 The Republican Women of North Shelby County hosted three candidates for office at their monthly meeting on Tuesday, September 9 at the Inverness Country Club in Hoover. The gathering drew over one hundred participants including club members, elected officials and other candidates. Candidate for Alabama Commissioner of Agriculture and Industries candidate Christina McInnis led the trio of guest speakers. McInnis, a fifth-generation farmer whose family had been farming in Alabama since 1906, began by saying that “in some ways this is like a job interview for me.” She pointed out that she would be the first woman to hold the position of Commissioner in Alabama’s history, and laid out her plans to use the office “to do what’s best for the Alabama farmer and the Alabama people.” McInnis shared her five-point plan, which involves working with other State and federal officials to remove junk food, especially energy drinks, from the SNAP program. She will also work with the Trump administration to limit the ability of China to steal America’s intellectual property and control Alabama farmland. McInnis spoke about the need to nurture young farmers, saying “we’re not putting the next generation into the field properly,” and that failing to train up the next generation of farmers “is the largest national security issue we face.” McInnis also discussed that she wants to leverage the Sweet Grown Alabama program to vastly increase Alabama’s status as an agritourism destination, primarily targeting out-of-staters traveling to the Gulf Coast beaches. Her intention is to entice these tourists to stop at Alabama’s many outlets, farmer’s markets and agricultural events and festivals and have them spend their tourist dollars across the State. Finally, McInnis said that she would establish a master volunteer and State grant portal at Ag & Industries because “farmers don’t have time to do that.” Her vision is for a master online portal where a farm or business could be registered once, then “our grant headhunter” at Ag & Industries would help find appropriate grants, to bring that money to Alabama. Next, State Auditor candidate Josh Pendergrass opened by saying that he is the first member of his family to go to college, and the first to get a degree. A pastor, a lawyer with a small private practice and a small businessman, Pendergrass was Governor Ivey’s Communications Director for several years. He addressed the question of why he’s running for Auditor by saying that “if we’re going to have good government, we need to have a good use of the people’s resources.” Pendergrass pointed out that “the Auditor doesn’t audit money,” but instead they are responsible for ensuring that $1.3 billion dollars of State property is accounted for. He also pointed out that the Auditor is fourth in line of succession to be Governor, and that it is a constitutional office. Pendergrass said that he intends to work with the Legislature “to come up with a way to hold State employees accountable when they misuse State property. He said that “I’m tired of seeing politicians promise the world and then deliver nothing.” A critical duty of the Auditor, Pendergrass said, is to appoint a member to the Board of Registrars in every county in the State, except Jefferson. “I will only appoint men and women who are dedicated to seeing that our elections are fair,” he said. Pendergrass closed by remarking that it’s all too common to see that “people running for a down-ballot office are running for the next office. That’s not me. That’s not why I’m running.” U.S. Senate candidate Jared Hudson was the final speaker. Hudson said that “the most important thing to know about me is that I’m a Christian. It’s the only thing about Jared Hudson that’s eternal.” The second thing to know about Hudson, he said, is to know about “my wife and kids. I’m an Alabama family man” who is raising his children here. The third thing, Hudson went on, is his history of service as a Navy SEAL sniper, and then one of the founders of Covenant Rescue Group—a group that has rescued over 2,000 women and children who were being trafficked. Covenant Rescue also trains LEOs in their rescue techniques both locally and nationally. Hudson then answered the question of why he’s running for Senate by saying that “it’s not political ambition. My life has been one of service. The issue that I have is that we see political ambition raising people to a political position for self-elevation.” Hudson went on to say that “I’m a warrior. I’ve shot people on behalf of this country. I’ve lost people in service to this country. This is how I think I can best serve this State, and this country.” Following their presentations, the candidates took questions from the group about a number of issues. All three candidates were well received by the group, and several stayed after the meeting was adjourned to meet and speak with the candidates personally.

...

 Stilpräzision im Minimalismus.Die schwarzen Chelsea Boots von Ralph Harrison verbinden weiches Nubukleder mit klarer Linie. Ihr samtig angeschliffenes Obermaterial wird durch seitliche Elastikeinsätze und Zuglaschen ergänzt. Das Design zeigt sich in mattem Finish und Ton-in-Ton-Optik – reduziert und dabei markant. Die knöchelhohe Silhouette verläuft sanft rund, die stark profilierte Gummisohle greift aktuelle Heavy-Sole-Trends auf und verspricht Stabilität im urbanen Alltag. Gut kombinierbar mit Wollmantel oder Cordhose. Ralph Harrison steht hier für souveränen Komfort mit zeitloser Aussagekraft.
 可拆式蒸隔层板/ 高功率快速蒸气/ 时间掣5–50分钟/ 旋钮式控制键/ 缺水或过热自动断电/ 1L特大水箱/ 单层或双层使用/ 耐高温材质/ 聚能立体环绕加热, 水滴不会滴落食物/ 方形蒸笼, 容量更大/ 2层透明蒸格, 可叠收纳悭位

Your task:
Above are the records; copy exactly the lines from the line with "Stilpräzision im Minimalismus.Die" through the line with "可拆式蒸隔层板/ 高功率快速蒸气/ 时间掣5–50分钟/", both included.

Answer space:
 Stilpräzision im Minimalismus.Die schwarzen Chelsea Boots von Ralph Harrison verbinden weiches Nubukleder mit klarer Linie. Ihr samtig angeschliffenes Obermaterial wird durch seitliche Elastikeinsätze und Zuglaschen ergänzt. Das Design zeigt sich in mattem Finish und Ton-in-Ton-Optik – reduziert und dabei markant. Die knöchelhohe Silhouette verläuft sanft rund, die stark profilierte Gummisohle greift aktuelle Heavy-Sole-Trends auf und verspricht Stabilität im urbanen Alltag. Gut kombinierbar mit Wollmantel oder Cordhose. Ralph Harrison steht hier für souveränen Komfort mit zeitloser Aussagekraft.
 可拆式蒸隔层板/ 高功率快速蒸气/ 时间掣5–50分钟/ 旋钮式控制键/ 缺水或过热自动断电/ 1L特大水箱/ 单层或双层使用/ 耐高温材质/ 聚能立体环绕加热, 水滴不会滴落食物/ 方形蒸笼, 容量更大/ 2层透明蒸格, 可叠收纳悭位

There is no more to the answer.